A few months ago, I’d been so pumped about the new Final Fantasy game coming out; I’ve rewatched some of the trailers so many times that I could probably quote them line by line. There was a huge nostalgia factor in my excitement for the game, since I’d been waiting for the game’s release for a good 10 years. (Yes, I waited over half my lifetime for a video game.)
So when winter break started, and I finally got the opportunity to just sit down in front of my TV at home to play Final Fantasy XV, you bet I did. I logged in a good dozen hours or so over a few days. However, my interest kind of just fizzled out after those first few days. Between sessions of gameplay, I found myself browsing through Final Fantasy forums and videos.
I couldn’t stop myself from reading through and watching other people’s experiences with the game. Before I knew it, I was probably spending more hours doing that than actually playing the game myself.
It was the same trap that I’ve gotten caught in with so many other mediums out there. One big example is TV shows. In the past few years, it’s actually become difficult for me to binge watch anything anymore. For example, if I’m catching up on a super hyped-up series, I like to pretend I’m experiencing the episodes live like past viewers. I’ll even pause in the middle of an intense Game of Thrones scene to see what other people’s reactions were at the time. (Yes, I did this with the Red Wedding.)
This unfortunate habit even applies to the other end of the genre spectrum. When I’m watching an episode of Teen Wolf, and there’s one of those “oh God yesss YESSS they’re finally getting together” scenes, I can very easily pause right at that moment and just lose myself in some fanfiction based off the same scene for a few hours.
In this case, though, instead of show discussion forums I would just browse Final Fantasy-related material for ages on my laptop while having the game open on my TV right in front of me. Something like that would never have happened to me as a kid.
I spent eight consecutive hours playing MapleStory once, and I wouldn’t have batted an eye at doing the same with a Final Fantasy game. Nonetheless, nowadays it’s a struggle to even get eight hours of gameplay in over multiple days. My attention span just isn’t cut out for the grandiose but slow burn of console games anymore. That’s why I actually ended up playing a different game more than Final Fantasy XV over break, the also newly released 3DS Pokémon games.
Just like Final Fantasy XV, for me Pokémon Moon had a big nostalgia factor hyping it up. More importantly, there was one big advantage the game had going for it over Final Fantasy XV, its simplicity.
It was a lot simpler than Final Fantasy XV in many ways. There wasn’t much of a story to it, there was barely any danger of dying in-game and the 3DS system itself was something I could just carry around anywhere in the house. Pokémon Moon was something I could casually open up and close at any time.
Of course, because I’ve started to appreciate keeping things simple, that also meant I favored Pokémon Moon because it is so easy to cheat in a 3DS game as opposed to a PS4 game.
If I had to sum it up, my priorities in life have just changed as I’ve grown older. A good example to showcase this is my experiences with a virtual pet raising site called Neopets. I’ve basically been on and off this site since the third grade. It’s notorious for having ban-happy moderators and admins who seemingly want to reduce the user base for trivial things.
In the old days, I would get banned from Neopets because I called another user’s mother fat. Nowadays, I get banned for installing web browser scripts to become a ‘Neomillionaire’ in a day.
Anyway, a few hours into Pokémon Moon, I’d already hacked myself a full team of rare and overpowered Pokémon. It’s not that easy with Final Fantasy XV; The hacking process would take me a lot longer, and I’d probably mess up somewhere along the way.

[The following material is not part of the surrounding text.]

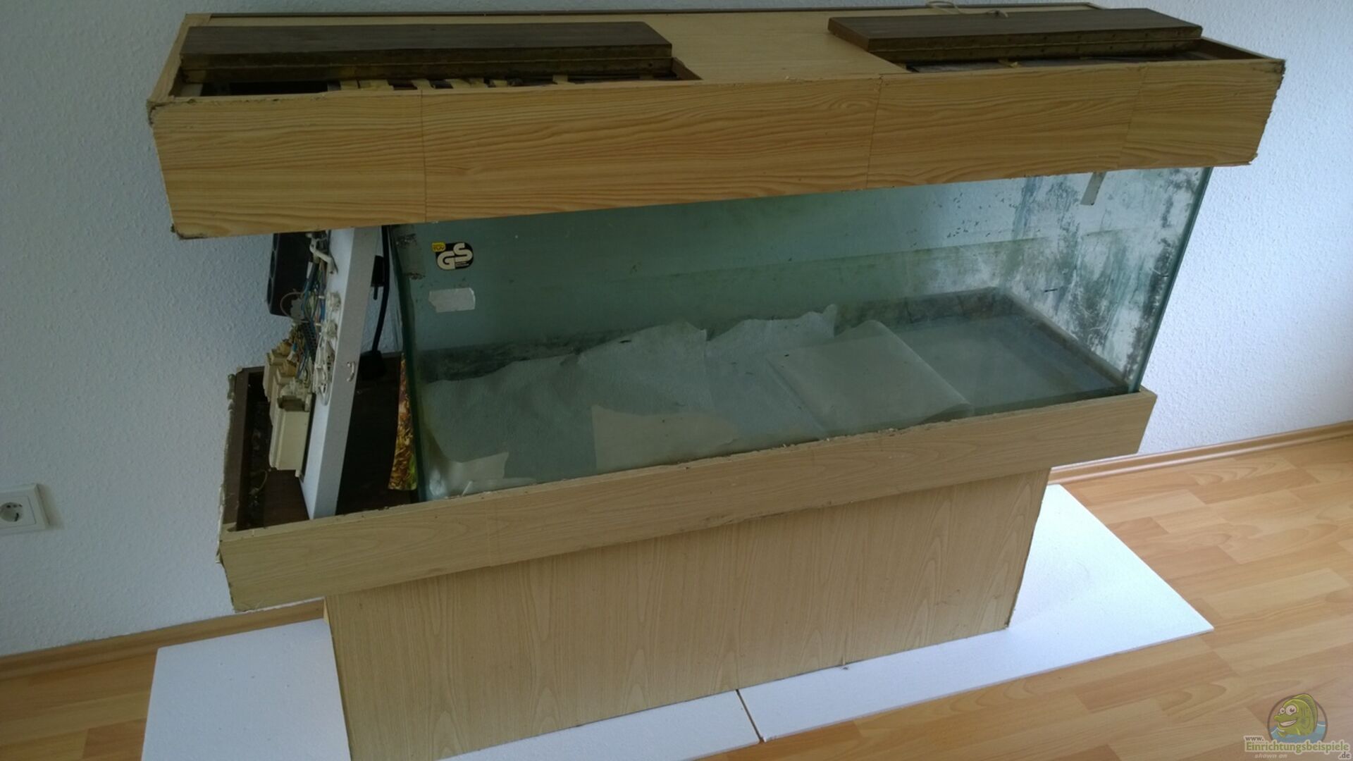 -Filtermaterial: Filterwatte, Tonröhren, und Torf. Filter lief vorher schon ca. 3 Monate am alten Becken.

After all this reflection about the new ways I like to experience my favorite games to play, I’ve realized that I’ve made a pretty major life decision the same way. I’ve basically wanted to be a surgeon my whole life because of the career’s general prestige and salary, so I was thrilled to enroll at Hopkins as a pre-med.
I’ve realized now that you can be successful and start making plenty of cash with a job right after graduation. It’s like hacking the game of life but totally legal. Being the person I am now, I’d take that shortcut over the long way without any hesitation.